EXERCISE OBJECTIVE
Set down again exactly the lines of the listing below that fall between the line holding "The List of" and the line holding "ヘコむあだ名 | 『まつだたかよし(笑)』『まつにー』 |", inclusive.

DATA TO USE
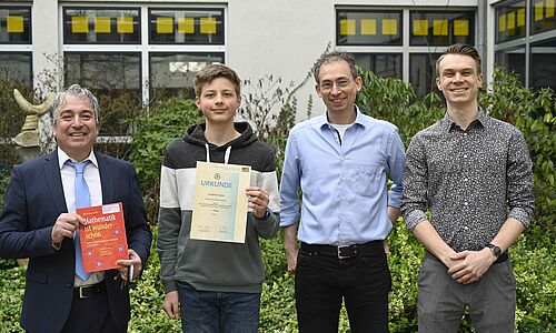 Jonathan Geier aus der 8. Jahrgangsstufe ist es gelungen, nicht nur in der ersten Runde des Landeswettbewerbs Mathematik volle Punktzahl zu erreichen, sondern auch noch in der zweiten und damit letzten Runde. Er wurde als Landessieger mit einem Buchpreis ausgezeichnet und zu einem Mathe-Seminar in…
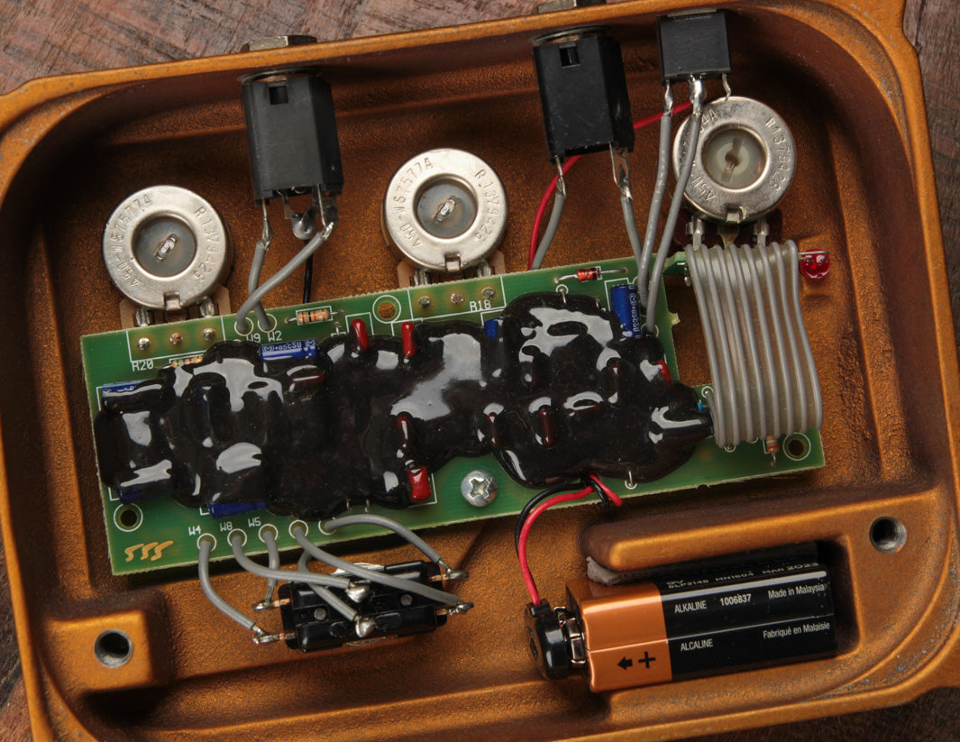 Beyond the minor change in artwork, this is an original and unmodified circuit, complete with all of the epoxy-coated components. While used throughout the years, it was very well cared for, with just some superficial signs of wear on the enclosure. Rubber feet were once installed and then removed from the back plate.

--

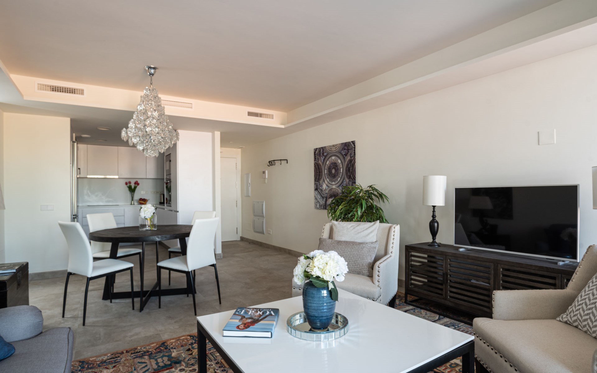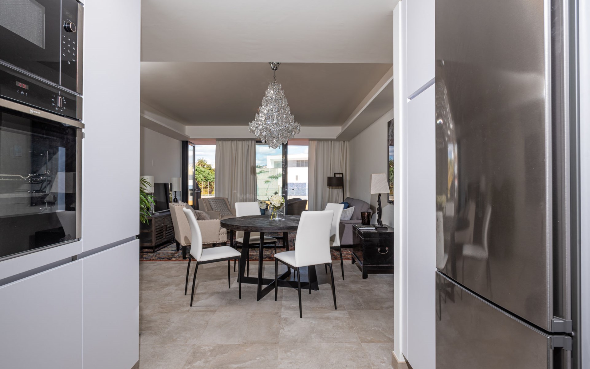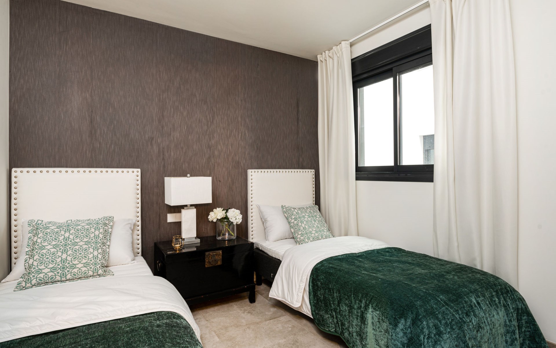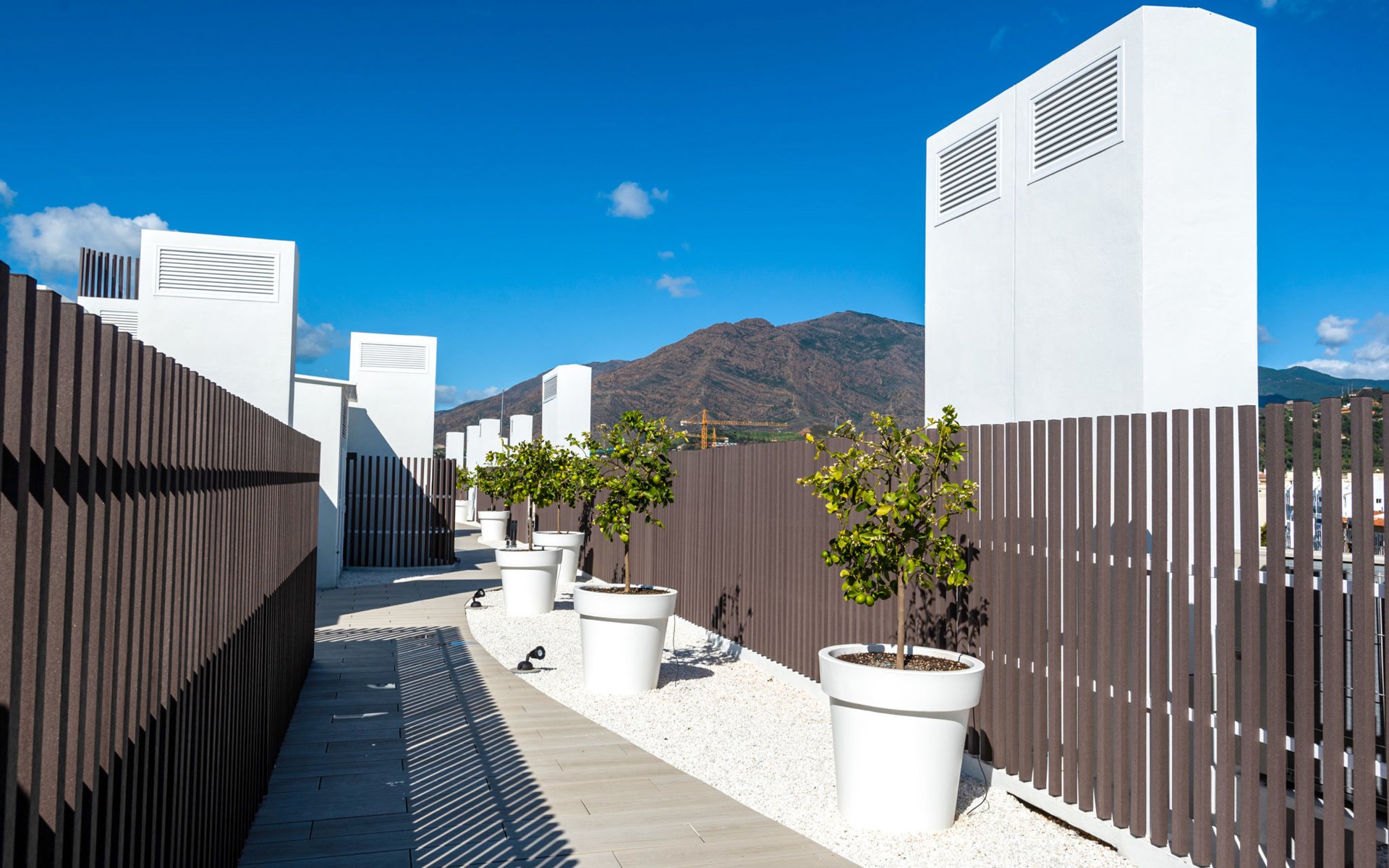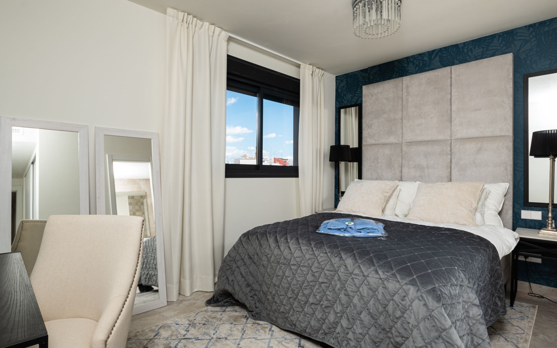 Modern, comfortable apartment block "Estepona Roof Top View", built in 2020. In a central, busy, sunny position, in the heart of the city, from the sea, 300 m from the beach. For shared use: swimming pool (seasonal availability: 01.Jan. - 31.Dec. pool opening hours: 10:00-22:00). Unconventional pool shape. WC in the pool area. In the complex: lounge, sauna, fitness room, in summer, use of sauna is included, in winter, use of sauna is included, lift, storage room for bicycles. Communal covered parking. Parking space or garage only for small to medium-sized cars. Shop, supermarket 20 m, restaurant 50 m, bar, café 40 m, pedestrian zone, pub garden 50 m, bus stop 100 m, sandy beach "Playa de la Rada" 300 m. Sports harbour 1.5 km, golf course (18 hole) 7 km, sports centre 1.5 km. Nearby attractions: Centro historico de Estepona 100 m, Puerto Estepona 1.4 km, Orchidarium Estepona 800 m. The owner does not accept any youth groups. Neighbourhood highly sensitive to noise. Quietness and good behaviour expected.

---

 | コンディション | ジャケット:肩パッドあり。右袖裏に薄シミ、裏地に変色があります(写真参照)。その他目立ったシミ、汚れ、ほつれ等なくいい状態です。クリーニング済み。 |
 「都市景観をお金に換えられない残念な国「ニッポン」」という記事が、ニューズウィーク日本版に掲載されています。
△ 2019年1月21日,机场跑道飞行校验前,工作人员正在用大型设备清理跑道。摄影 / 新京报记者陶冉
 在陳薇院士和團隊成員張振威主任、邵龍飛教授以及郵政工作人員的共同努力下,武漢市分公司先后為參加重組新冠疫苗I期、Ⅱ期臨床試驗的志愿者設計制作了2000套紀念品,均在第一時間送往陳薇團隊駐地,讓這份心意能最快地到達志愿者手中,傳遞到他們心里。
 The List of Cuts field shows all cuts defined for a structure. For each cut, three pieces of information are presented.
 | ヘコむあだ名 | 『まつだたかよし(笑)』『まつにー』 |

EXERCISE OUTPUT
 The List of Cuts field shows all cuts defined for a structure. For each cut, three pieces of information are presented.
 | ヘコむあだ名 | 『まつだたかよし(笑)』『まつにー』 |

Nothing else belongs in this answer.